● **Task material**
______

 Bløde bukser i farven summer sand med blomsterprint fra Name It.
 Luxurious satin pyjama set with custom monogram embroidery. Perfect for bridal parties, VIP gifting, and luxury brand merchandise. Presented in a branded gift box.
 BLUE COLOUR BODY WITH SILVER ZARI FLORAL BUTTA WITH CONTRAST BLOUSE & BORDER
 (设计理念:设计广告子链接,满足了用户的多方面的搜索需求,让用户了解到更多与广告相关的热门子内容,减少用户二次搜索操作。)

______

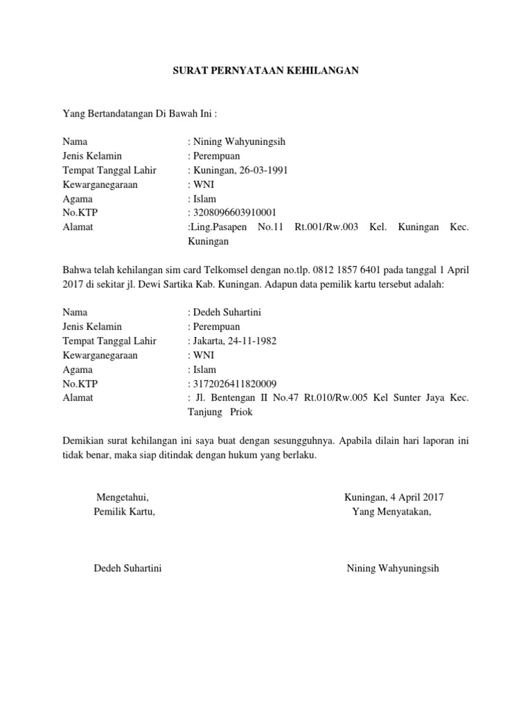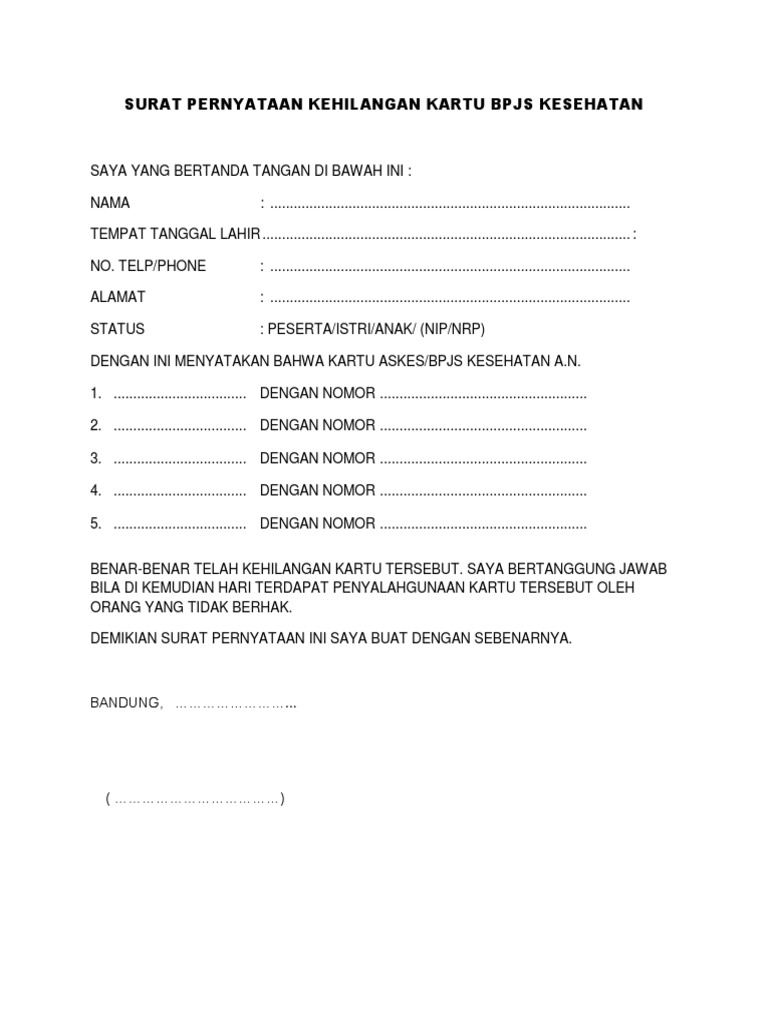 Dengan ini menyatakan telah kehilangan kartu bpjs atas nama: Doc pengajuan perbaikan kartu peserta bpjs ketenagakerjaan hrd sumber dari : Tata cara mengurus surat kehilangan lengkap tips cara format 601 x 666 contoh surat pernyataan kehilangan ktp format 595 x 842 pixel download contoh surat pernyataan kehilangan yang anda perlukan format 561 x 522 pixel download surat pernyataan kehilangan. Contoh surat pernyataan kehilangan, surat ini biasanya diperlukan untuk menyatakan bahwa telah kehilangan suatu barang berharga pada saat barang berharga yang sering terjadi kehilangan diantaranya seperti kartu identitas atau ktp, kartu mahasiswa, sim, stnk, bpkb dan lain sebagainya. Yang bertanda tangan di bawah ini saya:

______

● **Task description**
Among the entries above, the line containing "Bløde bukser i", the line containing "(设计理念:设计广告子链接,满足了用户的", and all lines between them are to be restated word for word; nothing else belongs in the reply.

● **Answer section**
 Bløde bukser i farven summer sand med blomsterprint fra Name It.
 Luxurious satin pyjama set with custom monogram embroidery. Perfect for bridal parties, VIP gifting, and luxury brand merchandise. Presented in a branded gift box.
 BLUE COLOUR BODY WITH SILVER ZARI FLORAL BUTTA WITH CONTRAST BLOUSE & BORDER
 (设计理念:设计广告子链接,满足了用户的多方面的搜索需求,让用户了解到更多与广告相关的热门子内容,减少用户二次搜索操作。)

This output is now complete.